AI-rewrites the medical criteria so a patient or caregiver can understand them. Always confirm with the trial site.
Inclusion Criteria:
* Patients who undergo ERCP with high risk factors of post-ERCP pancreatitis
Exclusion Criteria:
* \<18 years old
* current pancreatitis (\<72hrs before ERCP)
* pregnant woman, breast-feeding woman
* patient refusal
* contraindication of ERCP
* patients who would only be treated of bile duct such as a change of stent with previous endoscopic sphincterotomy
* chronic pancreatitis
* patients who underwent gastrectomy (Billroth II or Roux-en Y anastomosis)
* patients who have pancreatic or distal bile duct cancer
Questions worth asking your doctor
Bring these to your next appointment. They're a starting point for a shared conversation — not a sign you qualify or a recommendation to enrol.
1Based on my diagnosis and history, is this trial worth exploring for me — or is there a standard treatment we should try first?
2What does this trial's phase tell us about how much is already known about its safety and benefit?
3What would taking part actually involve for me — visits, tests, time, and travel?
4What are the known and possible risks or side effects I should weigh, and how would they be monitored?
5If this trial isn't the right fit, what other options or trials would you suggest I look into?

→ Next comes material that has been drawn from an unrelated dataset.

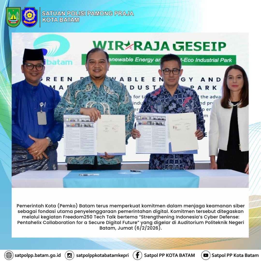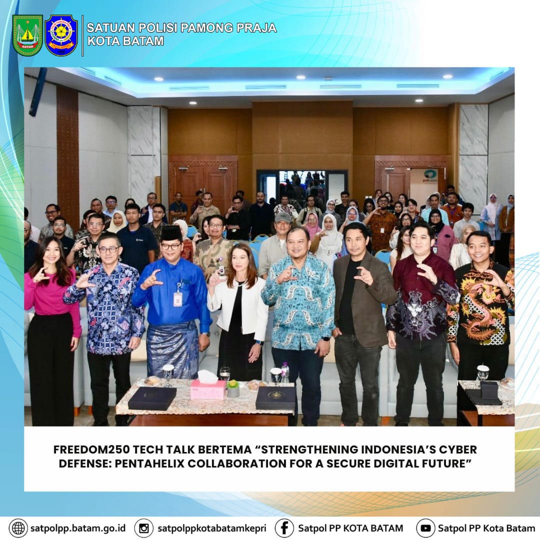 Pemerintah Kota (Pemko) Batam terus memperkuat komitmen dalam menjaga keamanan siber sebagai fondasi utama penyelenggaraan pemerintahan digital. Komitmen tersebut ditegaskan melalui kegiatan Freedom250 Tech Talk bertema “Strengthening Indonesia’s Cyber Defense: Pentahelix Collaboration for a Secure Digital Future” yang digelar di Auditorium Politeknik Negeri Batam, Jumat (6/2/2026).
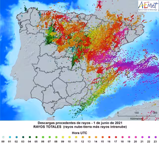 Esta cifra está aún lejos de otros registros históricos realizados por la AEMET, que ha contabilizado las descargas eléctricas nube-tierra registradas de los últimos años en Península e Islas Baleares en el estudio 'Climatología de descargas eléctricas y de días de tormenta en España' y que sitúa el 14 de septiembre de 2009 como el de mayor actividad, ya que se registraron un total de 104.989 descargas.

Generated to help you prepare — always confirm anything about your own eligibility and care with the study team and your doctor.
Questions for the trial coordinator
The trial coordinator is the person who runs the study day to day. These cover the practical side — logistics, costs, and what taking part would actually mean for your life. The study team confirms whether you meet the criteria; these are questions to ask, not a sign you qualify.
1What does taking part actually involve week to week — how many visits, where, and how long does each one take?
2What costs are covered by the study, and what might I have to pay for myself, including travel, parking, or time off work?
3What happens during screening, and what happens if the study team confirms I don't meet the criteria after those tests?
4Who pays for the scans, blood work, and other tests the trial requires — the study, my insurance, or me?
5How will being in the trial affect my regular care, and will my own doctor stay informed and involved?
6Can I leave the trial at any point if I change my mind, and what would happen to my care if I do?
A starting point for the conversation — always confirm anything about your own eligibility, costs, and care with the study team and your doctor.